Dr Peter Fraser, Head of Babraham's Laboratory of Chromatin and Gene Expression explains, "The specific three-dimensional arrangements of the genome in different cell types represent a missing link in our understanding of how our genome works. To understand how cells can change from one type to another, which is a critical question for stem cell therapies, we will need to understand how the spatial reorganisation of the genome is controlled."
Identifying the transcription factories and developing a virtual nucleus potentially opens the door for more effective drug design. These are the first steps in a very long journey that will lead to computer models that simulate genome behaviour and function in development, differentiation, health and disease.
'Preferential associations between co-regulated genes reveal a transcriptional interactome in erythroid cells' was published in Nature Genetics 42, 53 - 61 (2009).
First member of the wheat, barley and forage grass subfamily sequenced
Grasses plays a crucial role in our food chain and more increasingly in energy production too. But there are significant barriers limiting crop improvement, namely a lack of knowledge about gene function and the difficulty of analysing their large, complex genomes.
Copyright: Brachy TAG project John Innes Centre
The publication of the first wild grass genome, Brachypodium distachyon - a member of the wheat, barley and forage grass subfamily - in February is an important step in addressing this.
Professor Michael Bevan from the John Innes Centre, an institute of BBSRC, who led the project with the US Department of Energy Joint Genome Institute and other American researchers explains, "Our analysis of the Brachpodium genome is a key resource for securing sustainable supplies of food, feed and fuel from established crops such as wheat, barley and forage grasses, and for the development of crops for bioenergy and renewable resource production.

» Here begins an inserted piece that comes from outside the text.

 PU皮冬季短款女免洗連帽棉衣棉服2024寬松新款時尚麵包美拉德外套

"It is already being widely used by crop scientists to identify genes in wheat and barley, and it is defining new approaches to large scale genome analysis of these crops, because of the high degree of conserved gene structure and organisation we have identified."

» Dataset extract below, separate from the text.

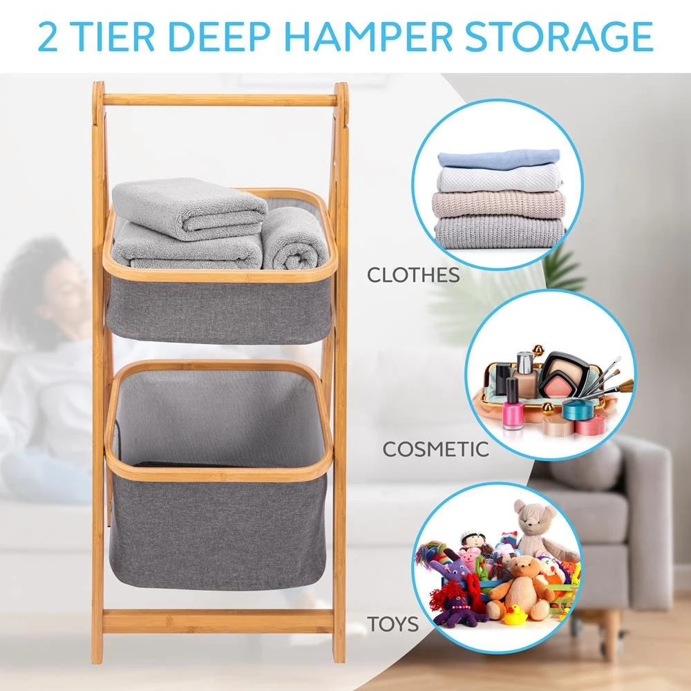 - 2-TIER STORAGE: The Bamboo Shelf Storage Hamper is a large-capacity multi-functional storage rack divided into grid storage. Made of environmentally friendly material. Toy or rubble storage basket 17.5” x 13’’ x 39’’

Analysis of the Brachypodium genome has provided new insights into how grass genomes evolve and expand, as well as to demonstrate how the plant can be used to navigate the closely related, yet larger and more complex, genomes of wheat and barley.
The team also found Brachypodium to have other important features, including a rapid life cycle and a very compact growth habit, making it ideal for study in the lab.
The findings from this project will enable scientists to determine the functions of genes involved in grass productivity, which could have the potential to accelerate research in sustainable food production and new sources of energy.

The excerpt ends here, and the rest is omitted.